Je l'ai vue ce matin.

Je sortais du métro. Je remontais les escaliers. J'arrivais devant l'immeuble de l'entreprise. Il me restait du temps. Je fis demi-tour pour m'acheter un café dans une boulangerie du quartier. Quelques minutes plus tard, je m'étais perdue. Heureusement, il me restait encore du temps pour ne pas être en retard. Tant pis pour le café. Je revins sur mes pas. A ma droite, je reconnus le bâtiment dans lequel elle travaille. Si elle n'est pas occupée ce midi, je pourrais peut-être lui rendre visite. Sur un banc, devant la porte d'entrée massive, un couple se tenait la main, regardant les employés courir pour être à l'heure. Les amants souriaient, puis s'embrassèrent. Je soupirais : n'étions-pas comme eux avant ? J'avais l'impression que nos beaux souvenirs étaient lointains. Si lointains, qu'ils en devenaient presque vaporeux, irréels. Imaginés. J'avais imaginé. Imaginé qu'elle puisse revenir vers moi. Imaginé qu'elle ait toujours des sentiments à mon égard. Imaginé qu'elle était différente. Imaginé qu'elle n'aurait jamais osé faire ça. J'avais imaginé tout ça. C'étaient juste des images.

Je l'ai vue ce matin.

Elle était sur le banc.

Elle tenait la main, à cet homme. Cette main qui avait pris tant de fois la mienne. Elle l'embrassait. Moi qui rêvais depuis des mois de regoûter ses lèvres. Elle lui chuchotait des mots doux. Comme elle les murmurait autrefois, au creux de mon oreille. Et elle souriait.

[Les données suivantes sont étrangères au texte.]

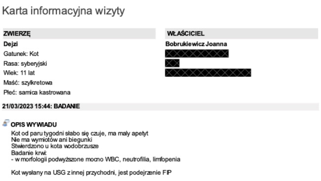 Po podaniu pierwszej dawki leku zauważyliśmy poprawę, jednak w sytuacji dwóch chorych kotów w domu (jej starsza siostra choruje na nowotwór wątroby) - nie jesteśmy w stanie sfinansować całości leczenia.

Image semblable à mes souvenirs.

Ils étaient donc bien réels. Ma mémoire ne me jouait aucun tour : j'avais réellement vécu ces moments. Moments de joie, moments de bonheur, moments d'amour. Ah ! Qu'en est-il aujourd'hui ? Je fis demi-tour, essayant de m'empêcher de penser. Je retournais dans le métro.